There is also a nice weaving in of classic Lovecraftian mythology half-way through the story.

The town of Binger in Caddo County is a real place, but there are no mounds in the location described in the story, they are a complete fiction. Burial mounds by Native Americans were real enough throughout the Americas, including in central Oklahoma, just not in the specific location of this story.

Throughout all these stories, even though there is the occasional use of a distinctly British, as opposed to American, term, like 'electric torch' instead of 'flashlight', it never occurred to me to look up 'mould' until this story, despite seeing it in many other stories and kind of scratching my head at what it could have meant in the contexts used. Turns out there is a British usage that we don't really have in the US, at least not that I've ever heard, of 'soft loose earth'. That makes a lot more sense than the furry fungal growth!

But knickerbockers... oh boy! Do the Brits still use that word? I know the New York Knicks are named after that word, and the shortened form of knickers may get occasional use, but I've never heard anybody use the full word outside of historical talk about the NBA team.

You'll have to pardon my Spanish - I never learned the language, so I probably got a fair bit wrong. Also, bear in mind, being in the USA, and growing up in NJ where there were Hispanics enough, whatever Spanish I did hear is New World Spanish. Even though the text given should be spoken in the style of Old World Spanish, that is going to be completely beyond me. To the extent I can muster any Spanish at all, it is unavoidably going to be the New World variety I grew up hearing.

Gll'-Hthaa-Ynn is rather an annoying name. I was hardly consistent in my pronunciation of it, but can you really blame me? :-P

The pictures used are:

Chapter 1: a 1904 photograph of Binger, OK. At the time the population would have been roughly 250 people. The town peaked in population in 1930, with 849. In 1937, they had three whole miles of paved road! And public swimming pool! Amazing. Population today is under 700, and probably closer to 600 (the 2010 census had it at 672, and the 2019 estimate was 632).

Chapter 2: a photo of an Indian burial mound in Saint Paul, taken by Runner1928, and used here under the Creative Commons Attribution-ShareAlike 3.0 Unported license (https://creativecommons.org/licenses/by-sa/3.0/deed.en).
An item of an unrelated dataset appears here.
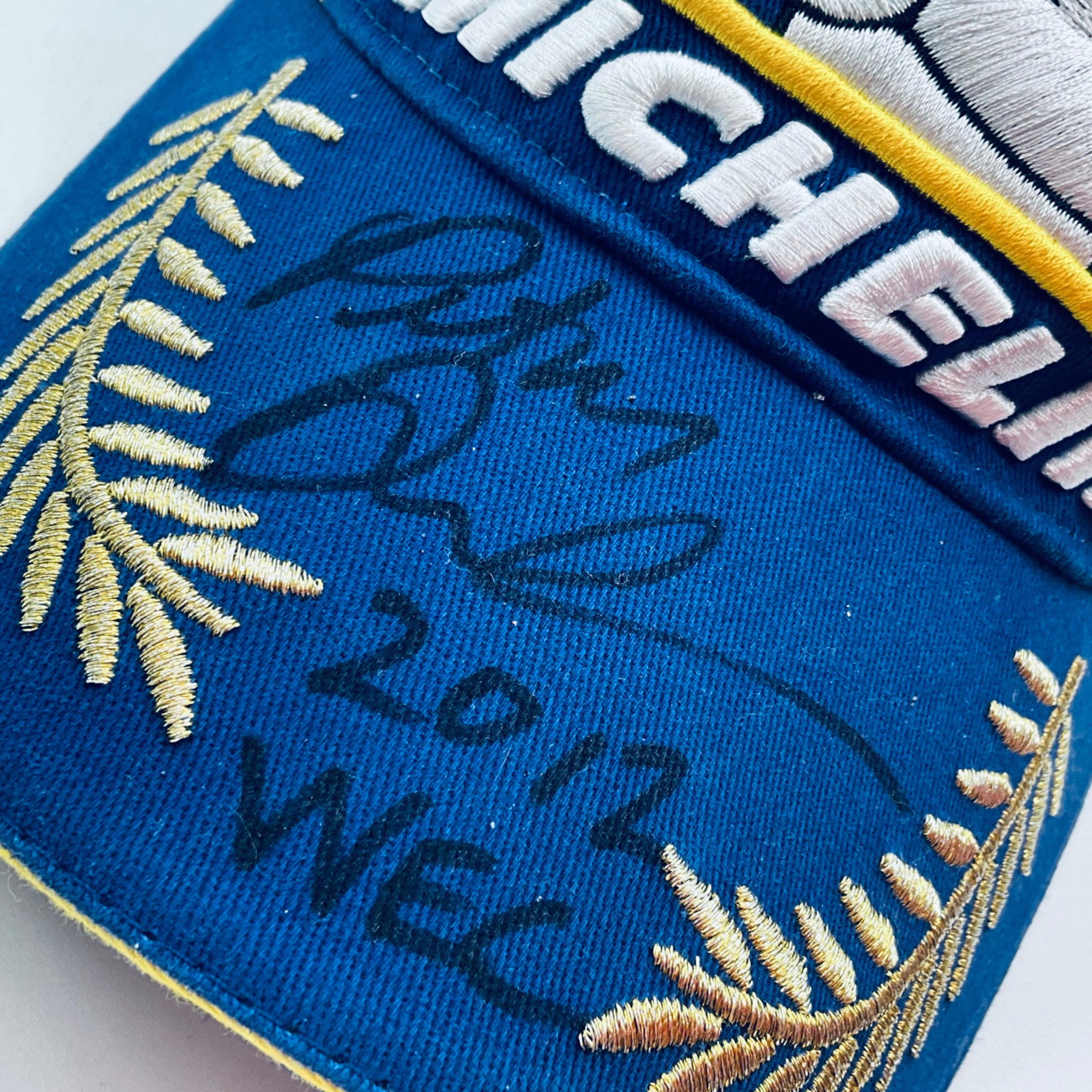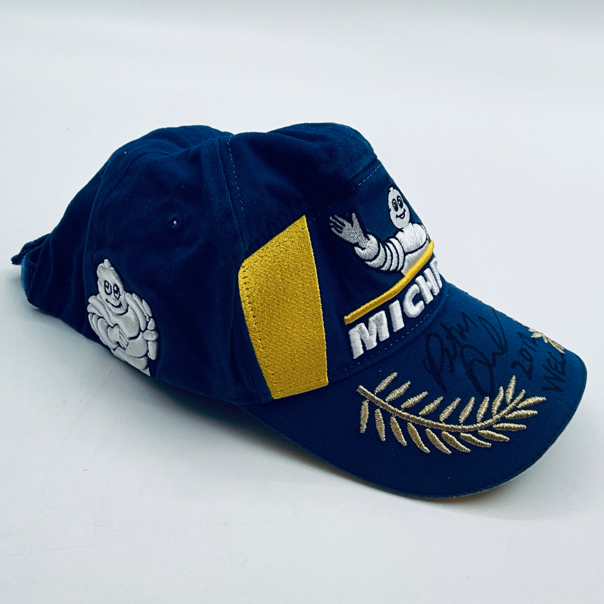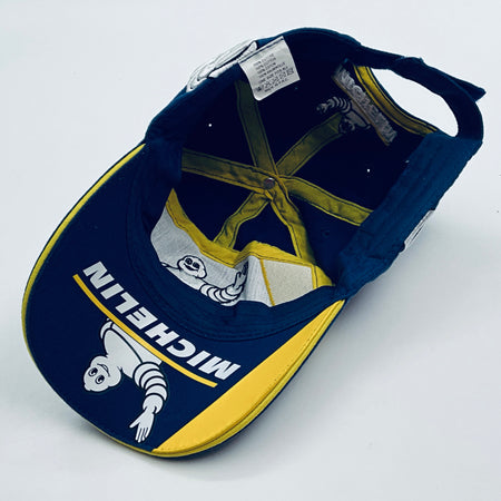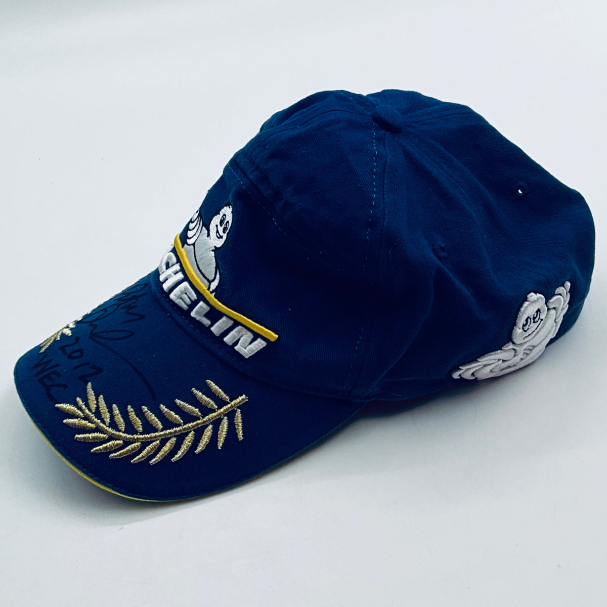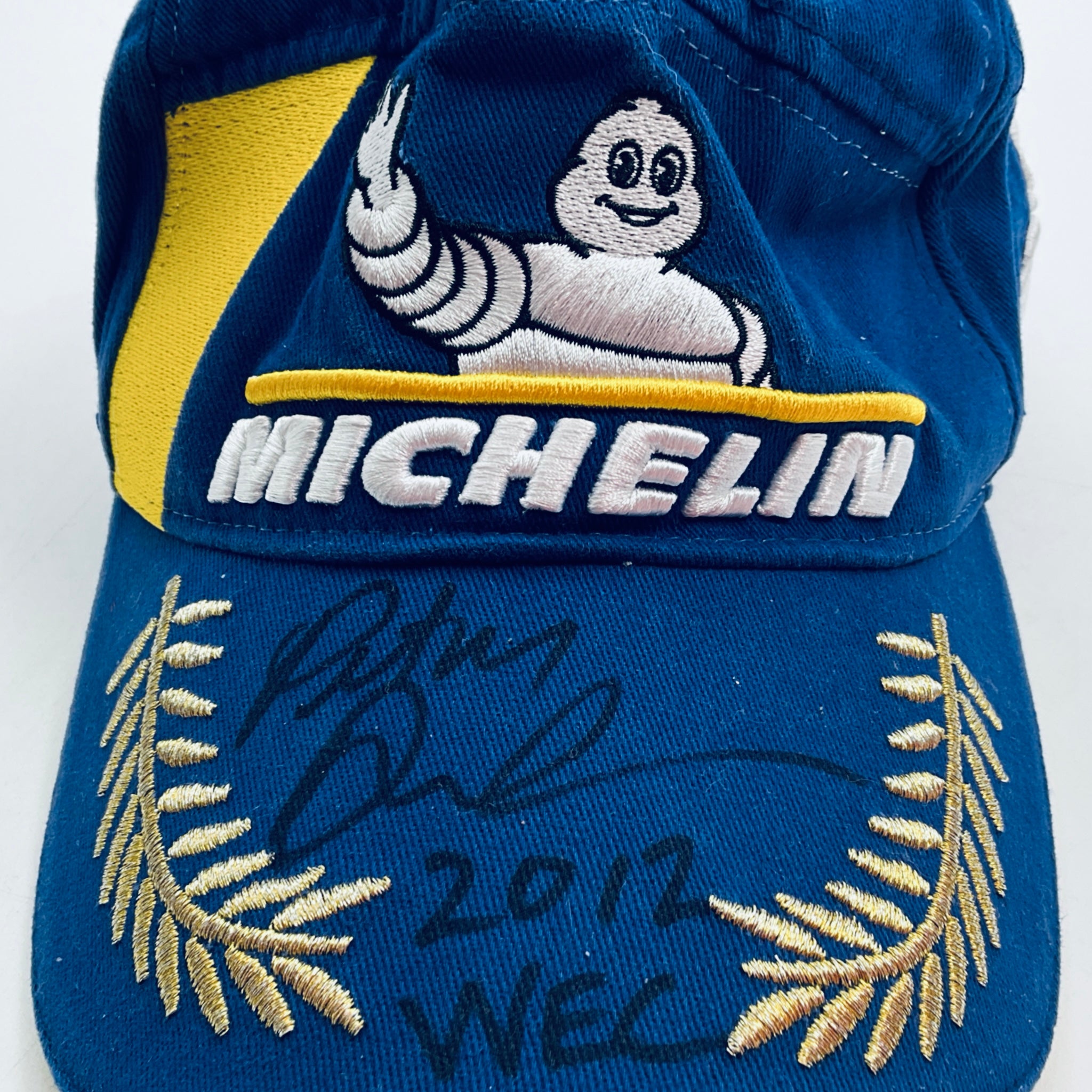 Own a piece of motorsport history with this authentic 2012 Michelin Tyres drivers podium cap worn by Peter Dumbreck during his distinguished endurance racing career with Aston Martin Gulf Racing The cap features a hand-signed autograph by Peter Dumbreck in black pen across the peak—a bold, clearly positioned signature that captures the driver's personal touch.

There are plenty of pics of burial mounds, but few that are overgrown like this. Most of them seem to be pretty well maintained, which I guess is good, but doesn't properly evoke the setting described in this story.

Chapter 3: "Coronado sets out to the north", an oil painting by Frederic Remington. I wonder how much of Coronado's expeditions are covered in schools today? I don't particularly recall getting too much info on the topic, but it certainly was mentioned.

Chapter 4: "Underground City" by tonymtc, used here under the Creative Commons Attribution-NonCommercial-NoDerivs 3.0 Unported license (https://creativecommons.org/licenses/by-nc-nd/3.0/). It's not obvious from the text, at least up to this point, what the city of the K'na Yan should look like, but this is an underground city bathed in a blue glow, so it vaguely fits the bill.

Chapter 5: "Tsathoggua" by Kaek, used here under the Creative Commons Attribution-NonCommercial-NoDerivs 3.0 Unported license (https://creativecommons.org/licenses/by-nc-nd/3.0/).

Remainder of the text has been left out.